The establishment of the college was met with criticism by the press, F. D. Maurice was forced to defend the intention of teaching mathematics to women against claims of its 'dangerous' consequences.

The composers William Sterndale Bennett and John Pyke Hullah were among the founding directors.

In the early days of the college, lectures were given to a single classroom of girls ranging from 12 to 20 years of age. The younger pupils were soon to be given their own school at the back of the buildings, which was also open to boys. The Waiting Room became the place where girls would gather and be introduced by the Lady Resident to their chaperones who remained with them throughout their classes and were known as the 'Lady Visitors' (one of them being Henrietta Stanley, Baroness Stanley of Alderley). When the college was separated from the Governesses' Benevolent Institution in 1853, a new Governing Council was established, with the 'Visitor', the Bishop of London as its figurehead, an arrangement which continues to this day. Following the resignation of Maurice in 1853, Richard Chenevix Trench became the first principal and took over as Chair of the Committee of Education.

The college had resisted attempts to become, or merge with, a college of London University. The Lady Resident Eleanor Grove and linguist Rosa Morison had left together in the 1880s because of this and they returned to lead College Hall, London.

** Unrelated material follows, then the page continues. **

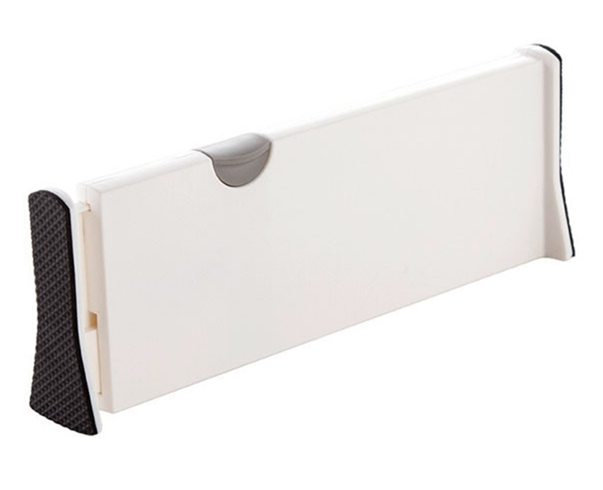 Organizator de sertar pliabil, extrem de practic. Despărțitorul vă permite să vă organizați colecția de produse cosmetice sau lenjerie intimă într-un mod simplu și ieftin, împărțind sertarul în două părți de orice dimensiune. Posibilitatea de pliere și desfacere a lățimii de la 28 cm la 43 cm împreună cu un mecanism solid de blocare permite separatorului să se potrivească perfect sertarului.
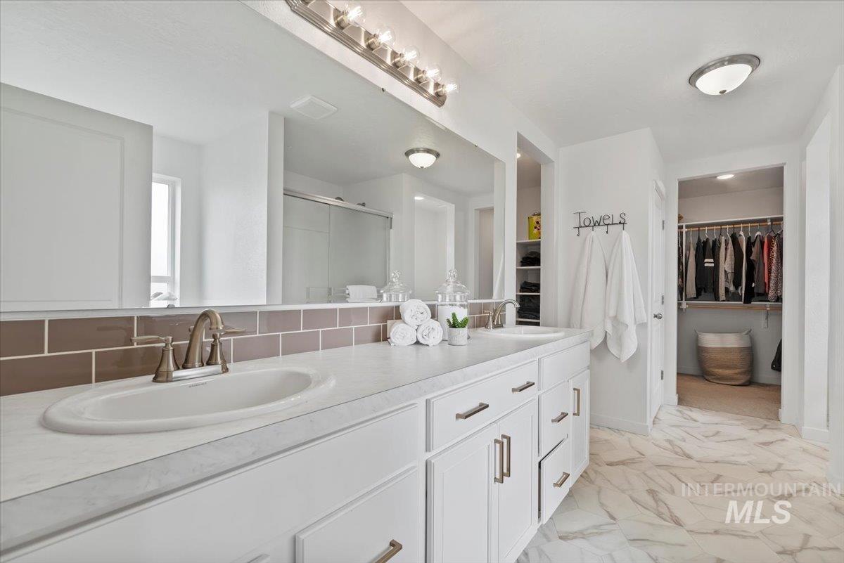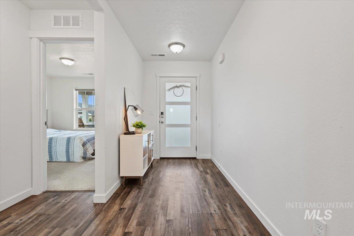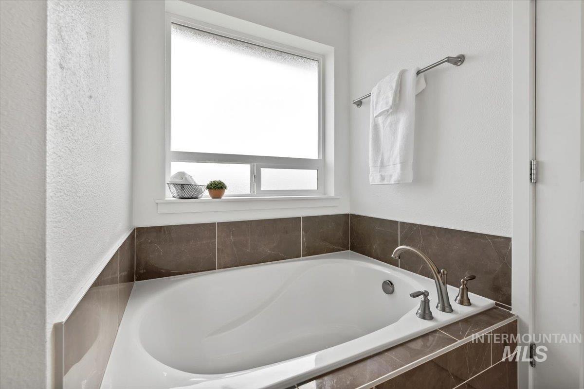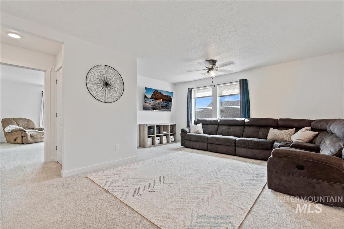 Backs to open space & the private neighborhood park! This coveted floorplan features a covered front porch and an open foyer with warm LVP flooring that flows seamlessly into the HUGE great room. Just off the entry sits a versatile first floor bedroom & full bathroom PLUS an office/flex room. The chef’s kitchen is impressive with a 9-foot island, granite counters, full-tile backsplash, gas range & walk-in pantry. The split-bedroom floorplan ensures privacy for the expansive primary suite, featuring two large closets with built-ins, step-in shower, separate soaking tub, dual sinks, lots of cabinetry & stunning views of the mountains! Upstairs includes a large loft for added living space, three additional bedrooms, two full baths & a convenient laundry room. The backyard, with no rear neighbors, includes a concrete patio and firepit area, perfect for entertaining family and friends. An insulated two-car garage with 220 volt outlet for large appliances or power tools, provides ample storage space.

The practice of offering lectures from visitors throughout the year is a tradition of the college.

During the Second World War, the college escaped destruction when a bomb exploded on the opposite side of Harley Street. The windows at the front of the building were smashed and plaster work damaged. The college continued to function during the war with classes held in bomb shelters constructed in the main corridor. Evacuation of the pupils to the Lake District and then to Northamptonshire was short-lived.

The college ceased to offer boarding accommodation in the 1980s and Kynaston House was re-modelled from the accommodation to offices, a senior common room and a library.

==School organisation==
Each student is assigned to a form of approximately 18–22 members. The forms are headed by a tutor and deputy, and take their name from the initials of the tutor. There are two or three forms in a year and each year is under the watch of a year head. The years comprise the three sections of the college, each with a further delegated head.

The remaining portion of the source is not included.